I was googling on the subject of the average circumference of the human head and came across this Yahoo Answers post:

Wherein the respondent says “The average circumference of the human head is about 55.9cm for men, it is 54.47cm for women. You can expect this figure to deviate to no more than 2cm.”

Does this mean something other than I straightforwardly read it to mean? (that is, 55.9 plus or minus 2, but that’s all)

Or is this one of those terminology things where it doesn’t quite mean what the man on the street might think, but a statistician can understand it fully?

(for the curious, the reason I was exploring this topic: my bulbous head is 60cm in circumference, and I have trouble finding a hat to fit)

Seriously, dude, it’s Yahoo Answers. You shouldn’t expect precise terminology or accurate information.

Obviously it isn’t true that all men have heads 55.9 +/- 2 as yours is outside that range. Maybe the 2cm is the standard deviation, or (and this is more likely) the person is talking out of their ass.

I fully understand the unreliability of Yahoo Answers - I’m not asking about the reliability of this information - just whether that phraseology has meaning that is obscure to the layman.

Fair enough. Sorry if I was condescending or anything.

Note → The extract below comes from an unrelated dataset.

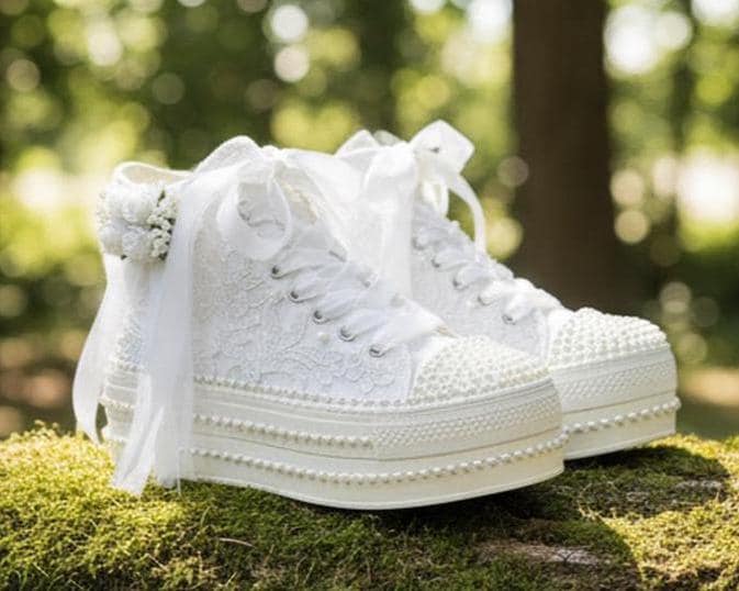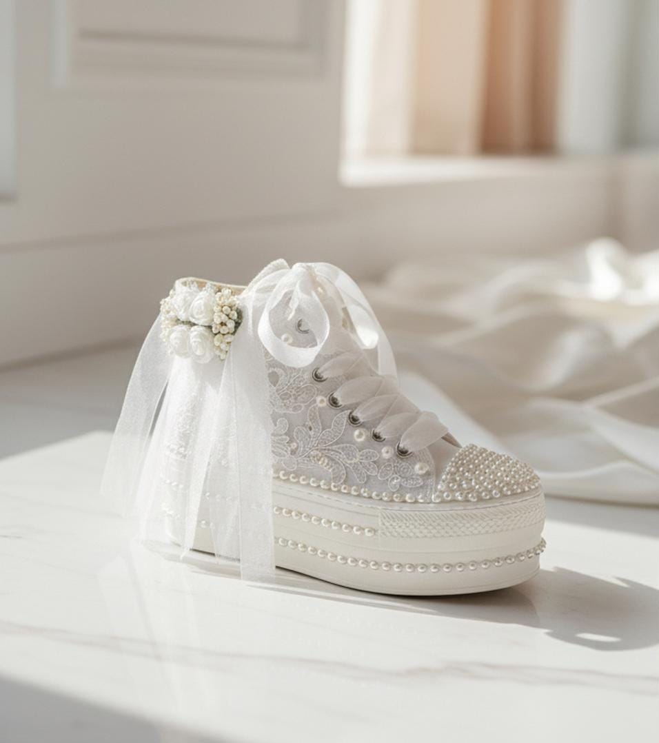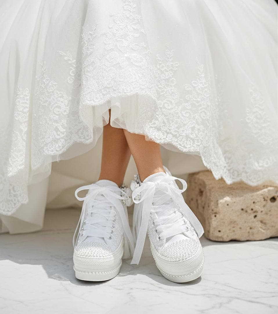 At StiloShoes, we offer free customization for your shoes, including the addition of your name and date. We do not dye shoes in colors other than white; instead, we produce them using colored materials with original inventory colors. Our handcrafted shoes feature special touches, such as glitter and printed writing on some styles, while others incorporate these customizations onto the shoe laces. All customizations are free; simply add your preferences in the personalization section. The jewelry letters and numbers can be easily removed from the shoes. For any personalizations or changes to your order, we are eager to assist and design together with you. We kindly ask that you read the product description before placing your order.

However, a source like Yahoo answers will also employ imprecise terminology. Thus, what the person MIGHT be referring to is standard deviation, though I wouldn’t hold my breath.

It’s either a mangling of a confidence interval, where some knucklehead is applying the confidence level (usually 95%) to the single interval (it applies to the entire family of intervals), or the numerical estimates are being treated as the true values of a population mean and standard error of some sort.

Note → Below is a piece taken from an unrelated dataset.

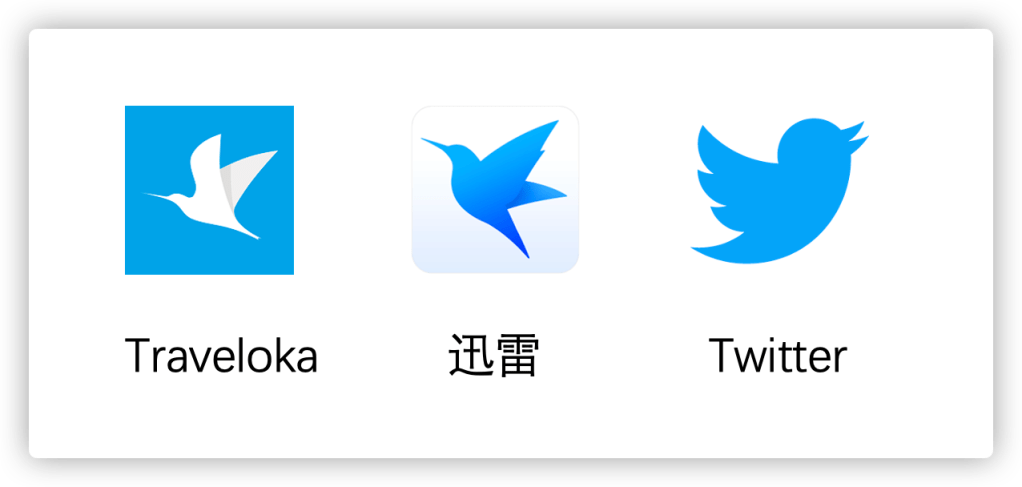 可以看一下这个图,Traveloka的logo还挺像是中国的迅雷的,或者也有点像Twitter的logo,都是一只蓝色的小鸟,只是朝的方向不一样。

Problem - we generally do not know these true values, and normality can be suspect as an a priori assumption.

While people generally lean rather heavily on the asymptotic normality of families of sample means, it is not at all clear that one can assume the normality of the underlying population.

My money is on a rather loose interpretation of standard deviation, which is an average squared deviation from the mean. The standard deviation can be interpreted as the expected deviation from the mean.

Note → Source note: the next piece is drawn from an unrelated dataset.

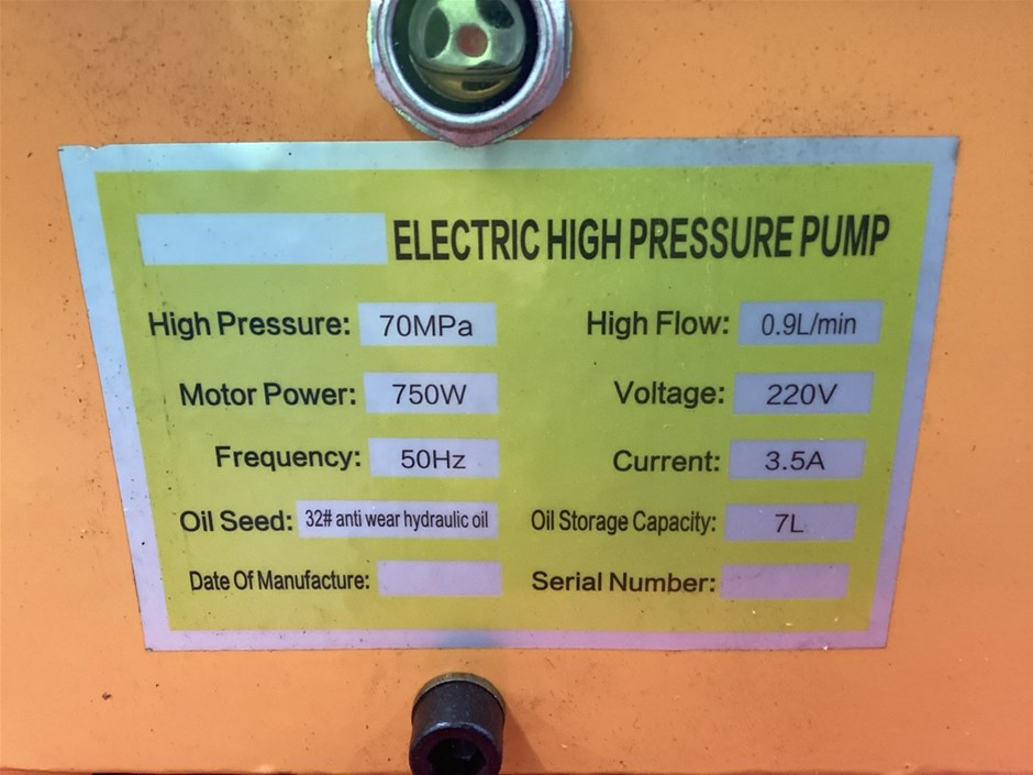 • Electric High Pressure Pump. 240 Volt Plug.

But I agree, the answer was poorly phrased.

[nitpick]It’s the square root of the average squared deviation from the mean. Variance is the average squared deviation from the mean.
[/nitpick]

Even more nit-picky, the use of hard numbers suggests that these are sample-based estimates of means, standard deviations, yada yada, which do not support probabilistic statements about population behavior.

Here is a better answer to Big Head’s original thought about his abnormally large cranium. Not so big it seems.

:smack:

Not a nitpick by any stretch of the imagination, however. A nitpick would be arguing over using n vs. n-1 in the denominator of the sample estimate of the standard deviation, as both are asymptotically unbiased.

The square root operator is pretty crucial to the whole calculation. I thank you for pointing out my omission. Now I will go over to the corner and flagellate myself for making such a stupid error.

Actually, the sample standard deviation using the (n-1) denominator is unbiased for all n.